6. Fidelity & corrections (gap-check pass)

A fresh-eyes subagent independently re-verified every claim above against the cloned source (hermes_constants.py, hermes_state.py, agent/*.py, and the website/docs/ guides), citing files and line numbers. The report held up well — the three-tier context model, SOUL.md as slot #1, the context-file priority order, the subdir-hint-into-tool-result pattern, compression thresholds (0.50 agent / 0.85 gateway) and protect-first-3/last-20, the [Old tool output cleared…] placeholder, iterative re-compression, system_and_3 caching, the full SQLite schema (sessions/messages/FTS5/trigram/ session_search/lineage), memory caps + § delimiter + error-on-overflow, the skills layout and body convention, the skill action-preference order, and the entire curator spec (168h interval / 2h idle / 30d stale / 90d archive / created_by:"agent" scope / backup-before-pass / REPORT.md) all verified against source.

Corrections already folded into the body above (logged here for the trail):

  1. Session-split end_reason — was written as "compression_split"; the source value is plain "compression" (compression_split does not exist; a separate "orphaned_compression" covers an error-recovery case). Fixed in §3.3.
  2. Background-review tool whitelist — was "only two tools (memory + skill_manage)"; it's actually the memory + skills toolsets, and skills includes skills_list + skill_view, so the fork can read skills too. Fixed in §4.
  3. Version/release trivia — the "v0.9 / Apr 2026 / ~27k stars" web-recall is unverifiable from the clone and contradicted by the source version 0.16.0. Softened/flagged in §1.
  4. Checkpoints path & triggers — the bare repo is at checkpoints/store/ (not checkpoints/), and the documented snapshot triggers are destructive terminal commands (rm/mv/sed -i/redirects/ git reset…), not specifically write_file/patch. Fixed in §3.6.
  5. Compression summary template — the report's "Progress (Done/In Progress/Blocked) / Next Steps" was a paraphrase; the literal headings (Completed Actions / Active State / In Progress / Blocked / … / Remaining Work) are now used. Fixed in §2.5.
  6. Minor: the agent-side intercepted-tool list was missing clarify and read_terminal (6 total, now listed); the Telegram platform-hint example was backwards ("lean into Markdown," not "short messages"); the "~3k tokens" figure for skills_list was an unsourced estimate (removed). Fixed in §2.1/2.2/2.6/3.4.

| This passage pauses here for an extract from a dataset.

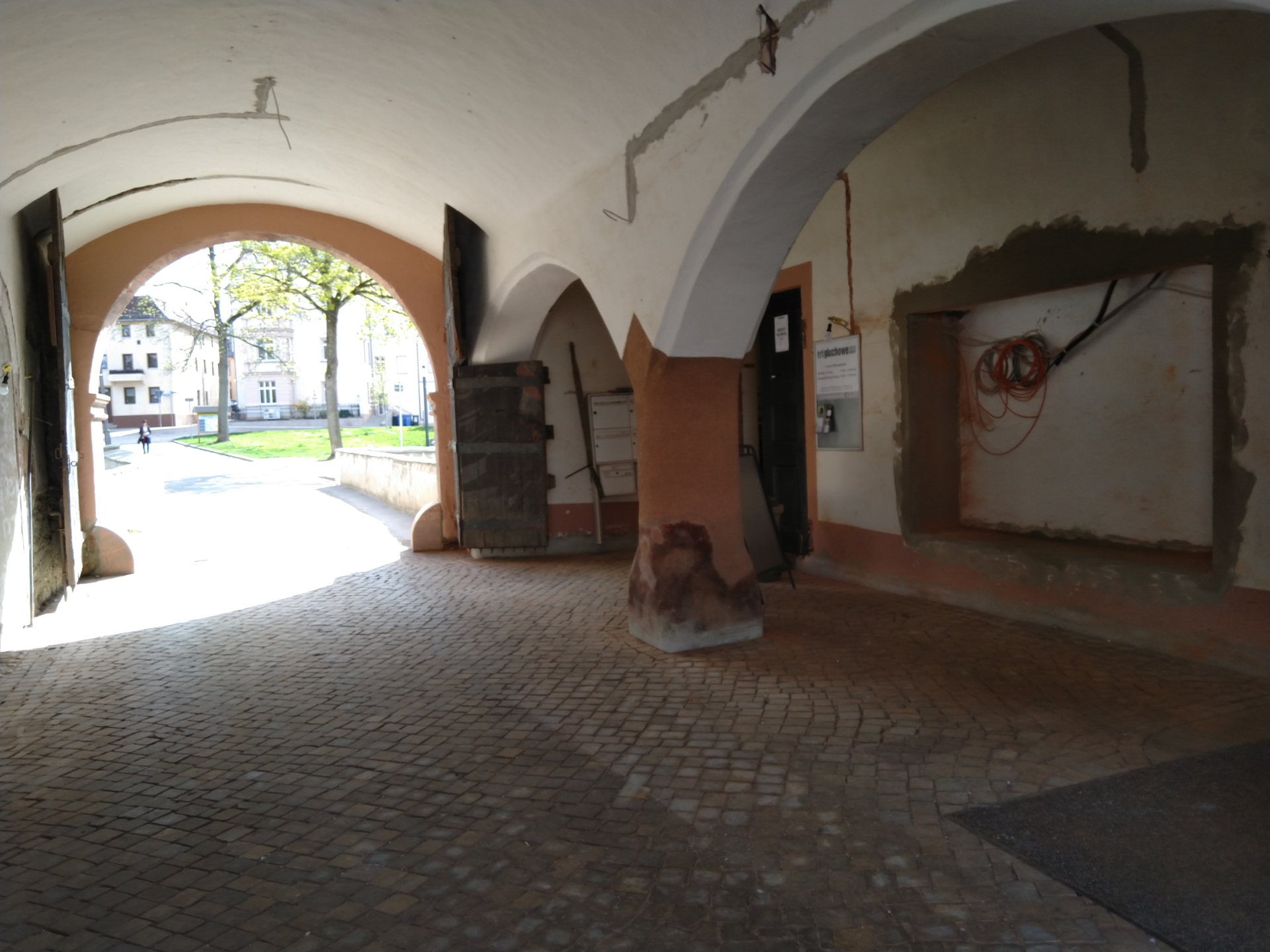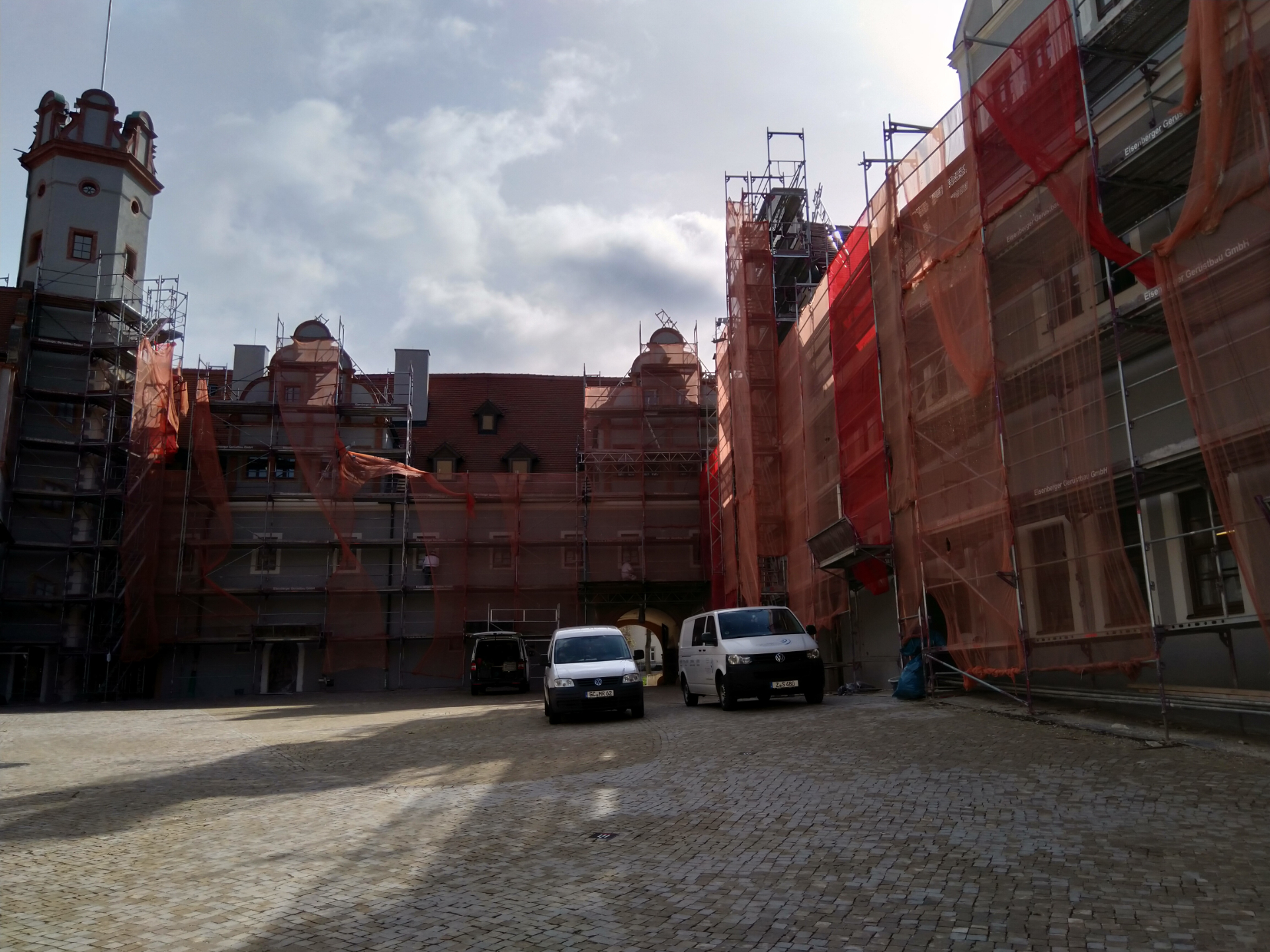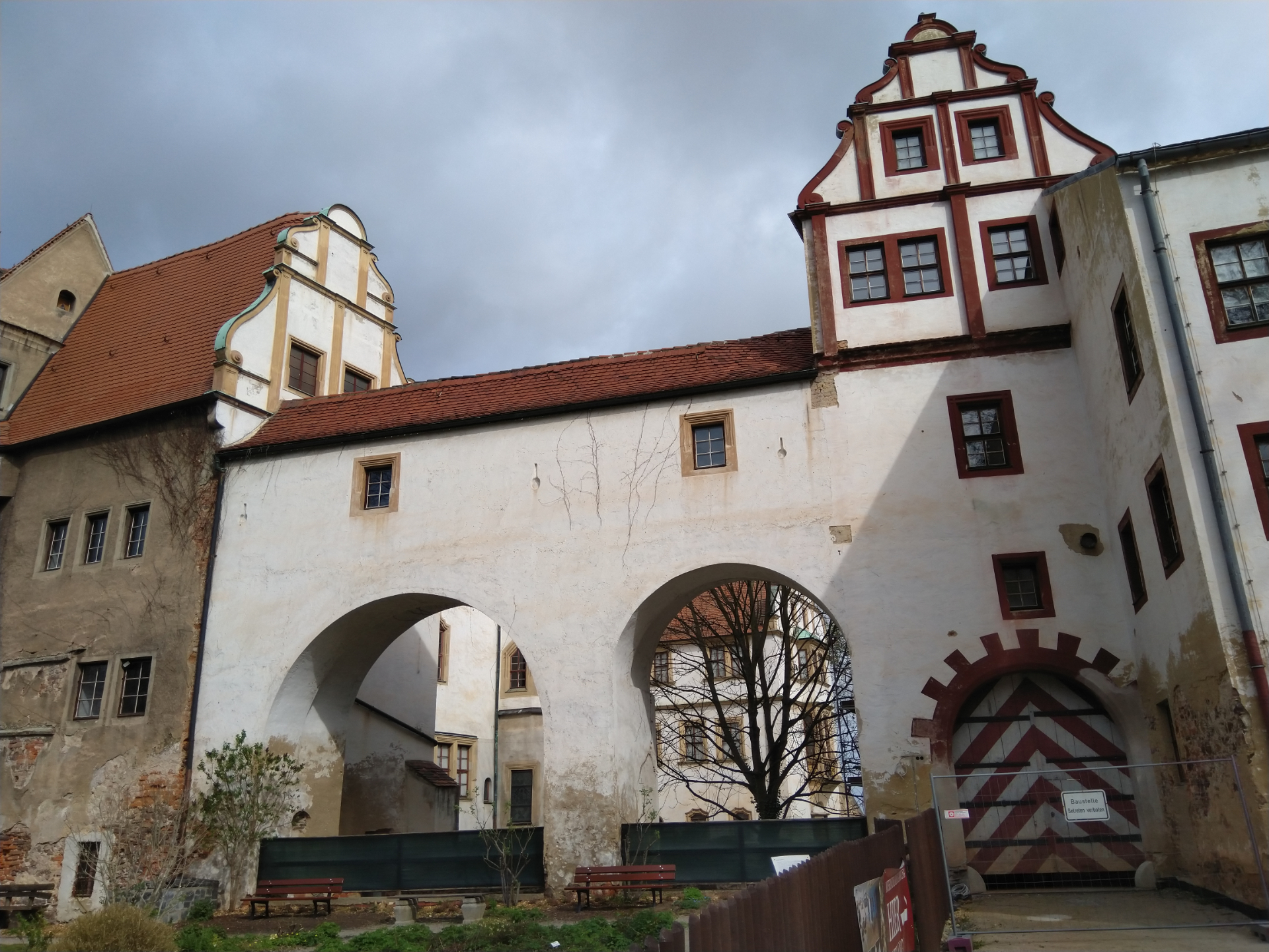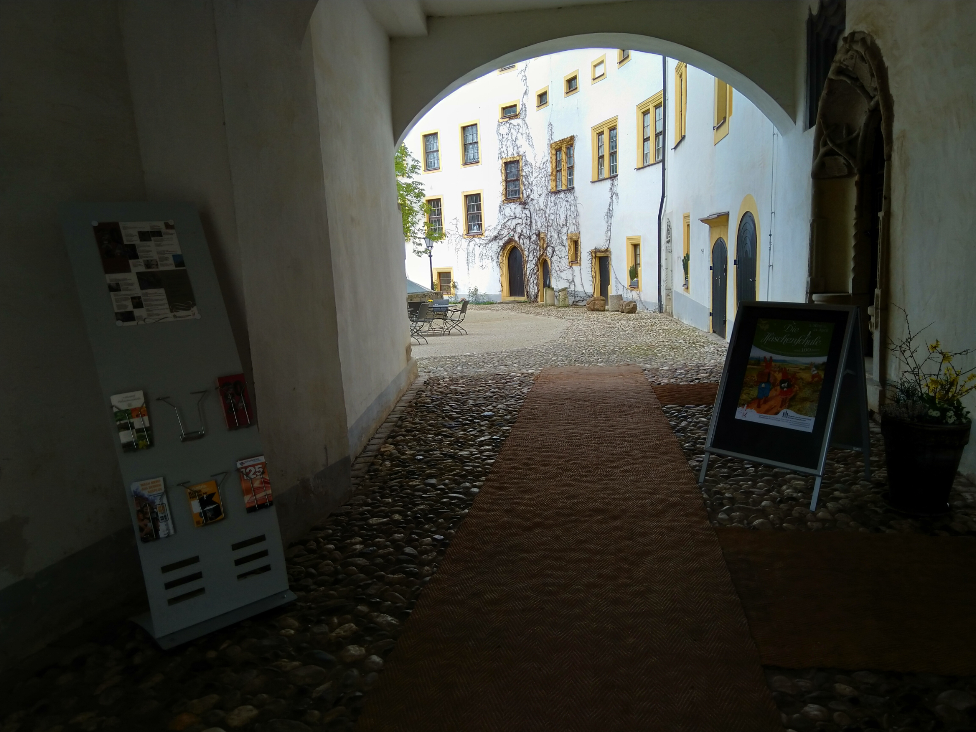 За проходом Главный двор – Haupthof. С внутренней стороны украшен ренессансными аркадами и служит проходным, связующим звеном между другими частями замка. Замок с двумя дворами особенность ренессансной архитектуры и его функции, как оборонной крепости, так и аристократической резиденции.

Residual caveats: the SQLite DDL in §3.3 is described in prose (paraphrased, not reproduced verbatim) — accurate per the gap-check, but if exact column names/types are ever needed, read hermes_state.py:514-570 from source. The ContextEngine ABC base-class defaults (0.75 / 3 / 6) differ from the active ContextCompressor (0.50 / 3 / 20) cited above — §2.5 reflects the active engine, which is what runs.